**Data segment**:

....................

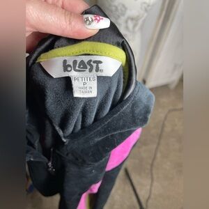 Blast Velour Hoodie Sweater Full Zip Y2K Black Colorful Vintage Small Petite
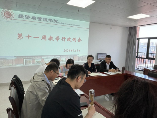 2024年5月8日下午,v站体育官网在行政楼725会议室召开v站体育官网第十一周工作例会,院长吴玲主持会议,副院长秦品德、院长助理张珊以及全体教师参会。
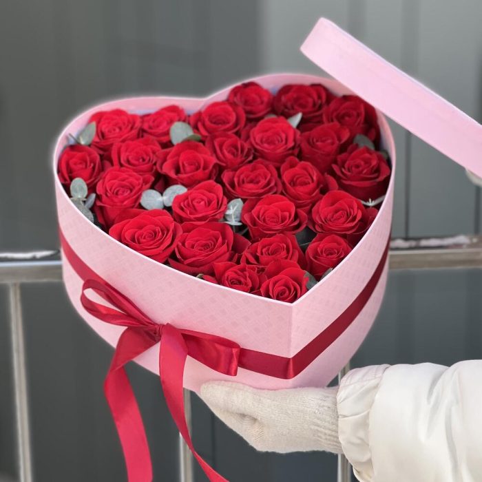 Коробка сердце из 25 красных роз и эвкалипта!

....................

**Task details**: Omit any images, then output the listing exactly.

**Finished task**:
 Blast Velour Hoodie Sweater Full Zip Y2K Black Colorful Vintage Small Petite
 2024年5月8日下午,v站体育官网在行政楼725会议室召开v站体育官网第十一周工作例会,院长吴玲主持会议,副院长秦品德、院长助理张珊以及全体教师参会。
 Коробка сердце из 25 красных роз и эвкалипта!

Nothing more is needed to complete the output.